Even if the door to this cell never opened, even if I never saw another face for the rest of my life, I was determined to humiliate the men who had thrown me here. I would humiliate them by surviving. By eating every meal they pushed through the slot in the door, until I eventually died as an old man. The first step was to reach those bars.

Inch by inch, the water rose and I kicked my way closer to the grate. Sometimes I would fall and be punished by a mouthful of sea water. Eventually I prevailed and my fingers wrapped around the cold bars. Salvation.

My small body went limp as the water gushed around me. My tiny muscles burned and I realised I'd forgotten how cold the water was. I dangled from the bars for hours, the pain in my fingers was nothing compared to my legs, which I could no longer move even if I'd wanted to.

I had swallowed too much seawater. As I hung from the grate, I vomited all over myself.

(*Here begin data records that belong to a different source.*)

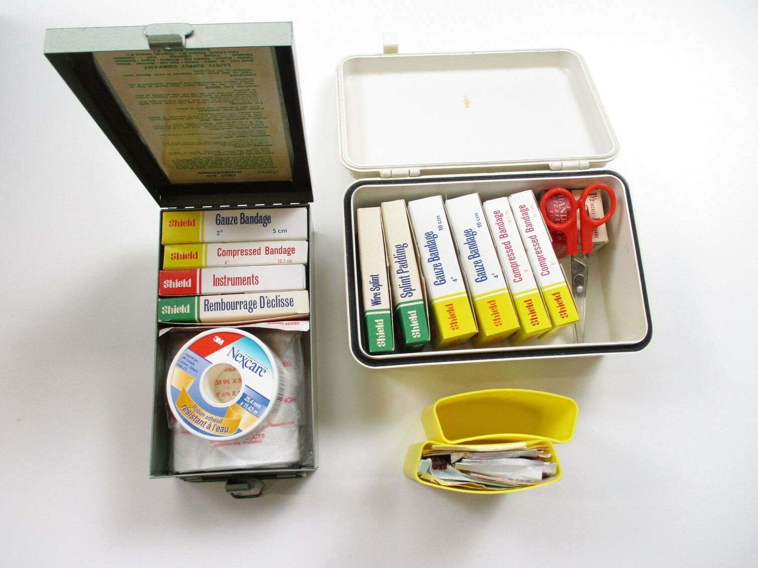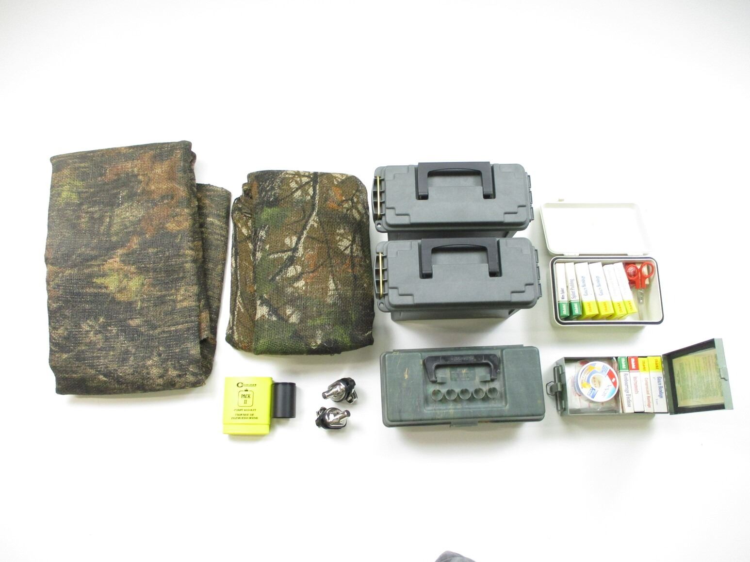 ASSORTED AMMO BINS / FIRST AID KITS, ETC. , INCLUDES: (2) AMMO BINS, APPROX. 11 X 5 X 7", BY CABELA'S, (3) ASSORTED FIRST AID KITS, WITH GAUZE, SPLINT PADDING & WIRE SPLINTS, COMPRESSED BANDAGES, ETC. (UNSURE OF EXPIRY DATE), (2) COMBO TRIGGER LOCKS, (WITH CODE), (1) RIFLE SCOPE SUN SHADE, (1) 20 GAUGE AMMO BIN, APPROX. 11 X 5 X 4", (2) BIG PIECES OF CAMO BURLAP, APPROX. 112" X 52".
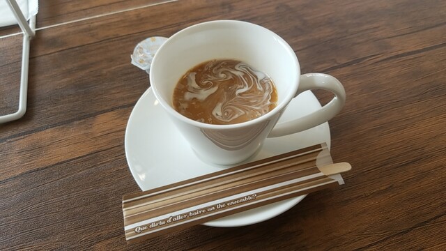 食べ終わり、コーヒーが運ばれる、最近は直ぐにミルクを入れる。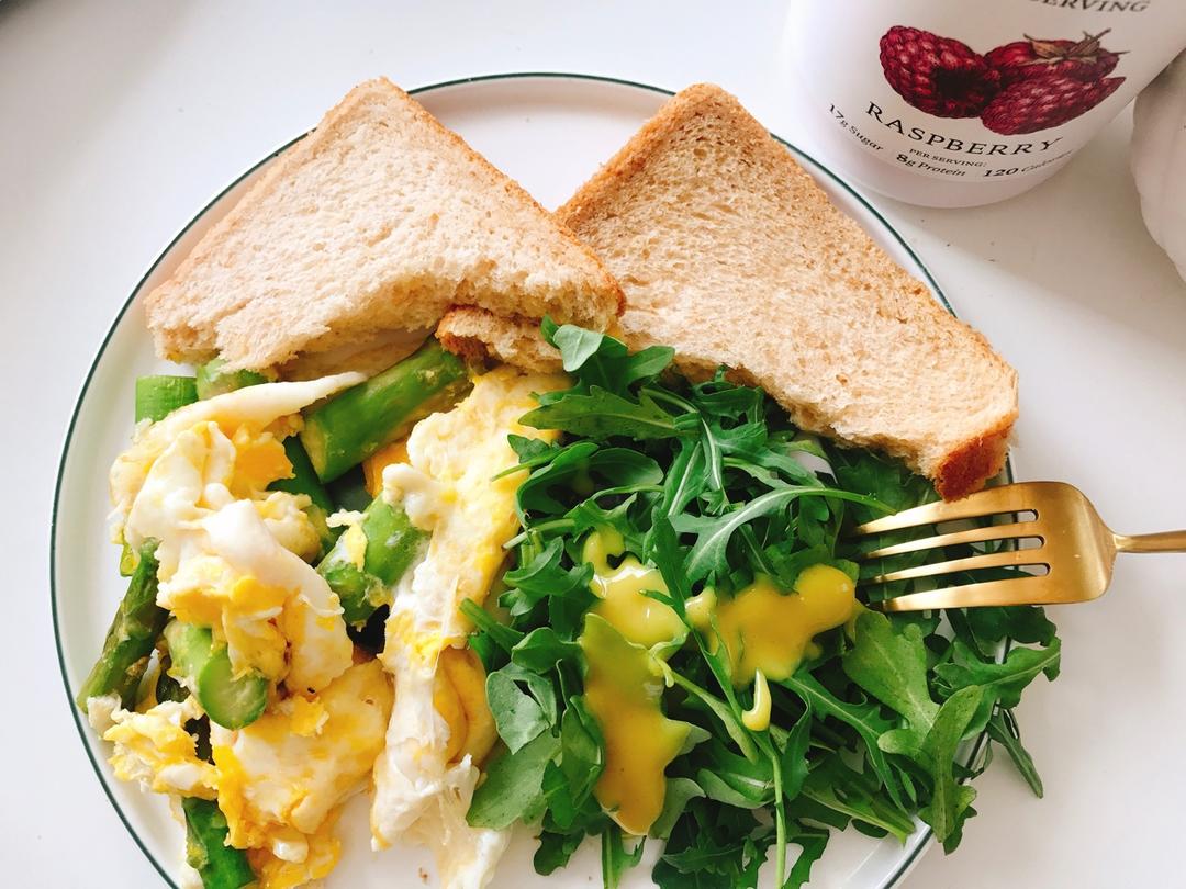 芦笋炒鸡蛋,沙拉菜,发芽米面包,一份树莓酸奶,蜂蜜水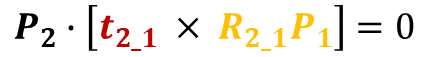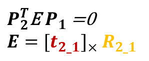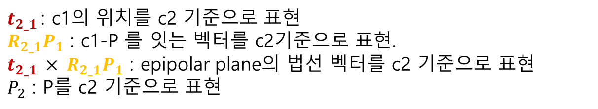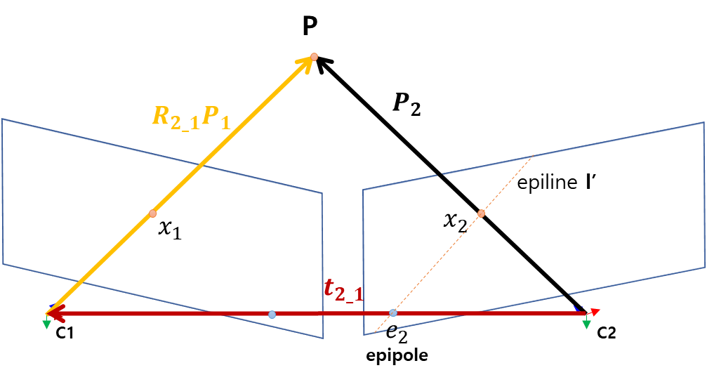 C2 좌표계를 기준으로 P1 / T2_1 / P2의 관계를 표현한 것이 epipolar constraint이다.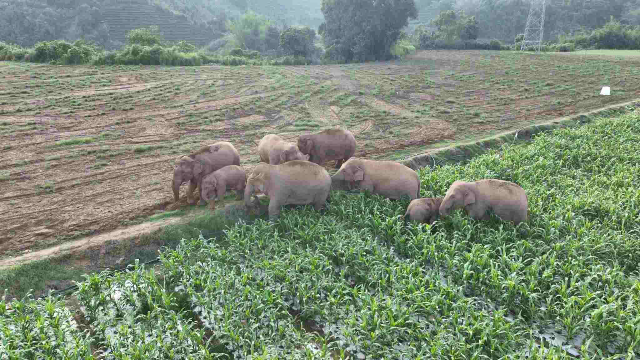 云南普洱:亞洲象群出山覓食戲水
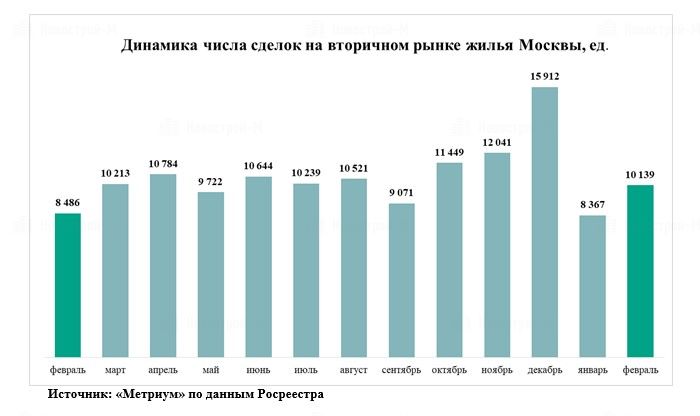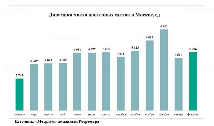 Февральские продажи квартир в строящихся жилых комплексах Москвы почти в два раза превысили показатели за тот же месяц прошлого года, достигнув 5,6 тыс. договоров долевого участия (ДДУ). Эксперты компании «Метриум» отмечают, что в феврале было заключено больше сделок, чем во все месяцы 2017 года, кроме самых активных – ноября и декабря. Схожую динамику продемонстрировал ипотечный спрос, который увеличился на 82%. Также закрепилась тенденция к восстановлению вторичного рынка, где количество сделок выросло на 20%.

The water began to drop. Slowly, it dropped to my waist. Then my knees. Then below my feet. Now my arms were burning. I held onto the bars until I could no longer. I splashed back below the water as my arms gave out. I saw the chunks of my vomit floating around as I was submerged again, baptised by the salt water.

My arms hung by my side limply, but now my legs were rested. Again I kicked my way toward the surface, working up a rhythm.

I don't remember when the water disappeared back down the grate. I don't remember collapsing down onto the stone floor.

But I did not die that night. I should have, but somehow I prevailed. By the time the water was gone, I had collapsed into a small heap of exhaustion. Somehow, against the odds, I made it through the first night in the cavidad oscuro. Somehow, I had survived.